Cactus Nursery in Kalimpong - who knew there are so many species 
We dashed up to Delo Hill (the highest point in Kalimpong) on the ONLY clear day to try and catch a glimpse of  Kunchenjunga. We caught just a sliver before it hit behind the clouds again. Anyways it was a beautiful day. 
Walking Trail on Delo Hill 
Dr. Graham's Homes Church build in 1920. We wandered through Dr. Graham's Homes property on the way back from Delo. 
Dr. Graham's Homes - Boarding school founded in 1900 by Scottish missionaries for abandoned children   

Some of her time here was spent meeting my wonderful friends and encouraging them (she had seasoned homeschooling advice for me as well as the other homeschooling moms):
We spent six days at Asha House. Mom got out of the taxi when we first arrived knowing at least half of everyone's names from pictures. 
Mom with my Asha girlies- what a beautiful thing
 Making hats with friends on Jeewan Loy's Birthday

Silly Friends and Bhim Uncle
Surrounded by friends, love, and yummy treats.
Our friends from Germany treated us to barbecue chicken. They made their barbecue from a metal box and a grate... brilliant.  

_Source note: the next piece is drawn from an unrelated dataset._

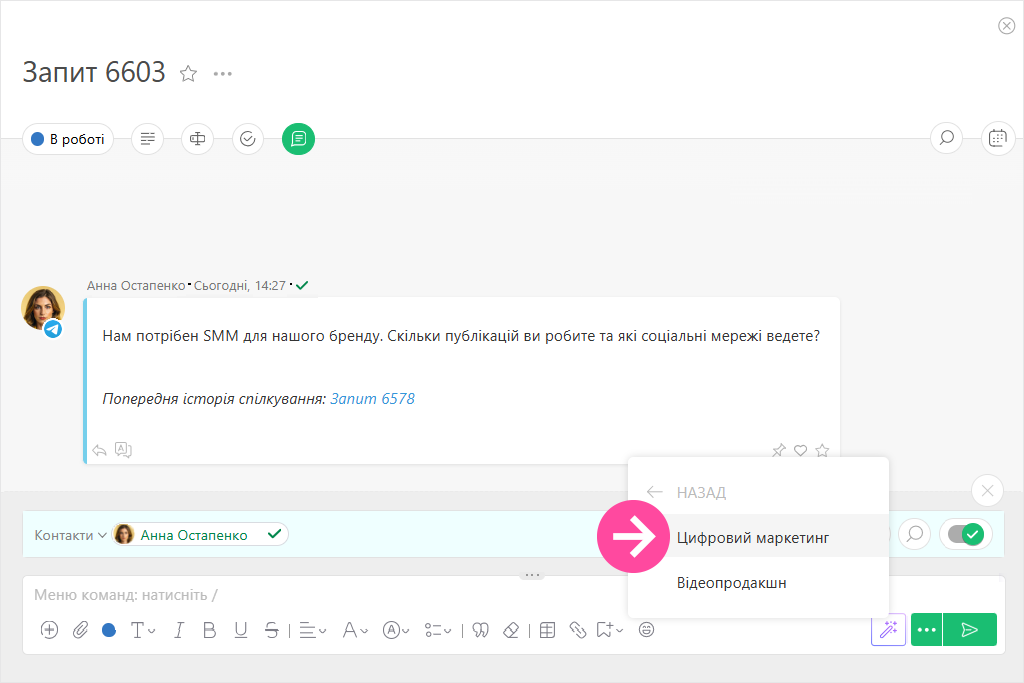 Planfix AI робить первинний контакт із клієнтом швидким, точним і впевненим. Замість того щоб витрачати хвилини на пошук документів і звірку умов, менеджер отримує готову підказку в один клік і може одразу відповісти на запит клієнта.

Some of her time was spent doctoring me and being substitute teacher (I was quite sick for more than a week with bronchitis or something like it):
Sorry didn't take any picture of me sick in bed. This one will have to do. 
Beef Thukpa- just what the doctor ordered
Mom read "The Lion, the Witch, and the Wardrobe" to the kids. Once I was better we has a "Mr. Tumnus" Tea Party including Queen Cakes.

What a pretty spread. Jeewan enjoyed the tea party, but didn't quite get the idea of using manners. Manju loved it and kept saying that this was "the best day ever."
Most of her time was spent encouraging me like only a mother can. Just a hug from the woman who knows you best can work wonders for a weary soul.

Our time together seemed like the beginning of a new era in our relationship. Mom who always knows what to do and always has a ready plan was now in new territory, a place where I had more experience and understanding than she did. Though she is a 'planner' Mom is also flexible, so this new dynamic did not set her at ill ease. Instead she thrived off of the adventure of this new country and fresh season in our relationship. Sometimes you just know when your life has hit a turning point. I think this past month was that for both Mom and me.

I am excited to see what new things the Lord has in store for us: for me as I spend another few months here, and then transition back to the states, and for Mom as she goes home and learns to integrate the things she learned here into her life at home. As I make my transition back to the states it is going to be invaluable to have someone back "home" who has gotten a glimpse of my life here.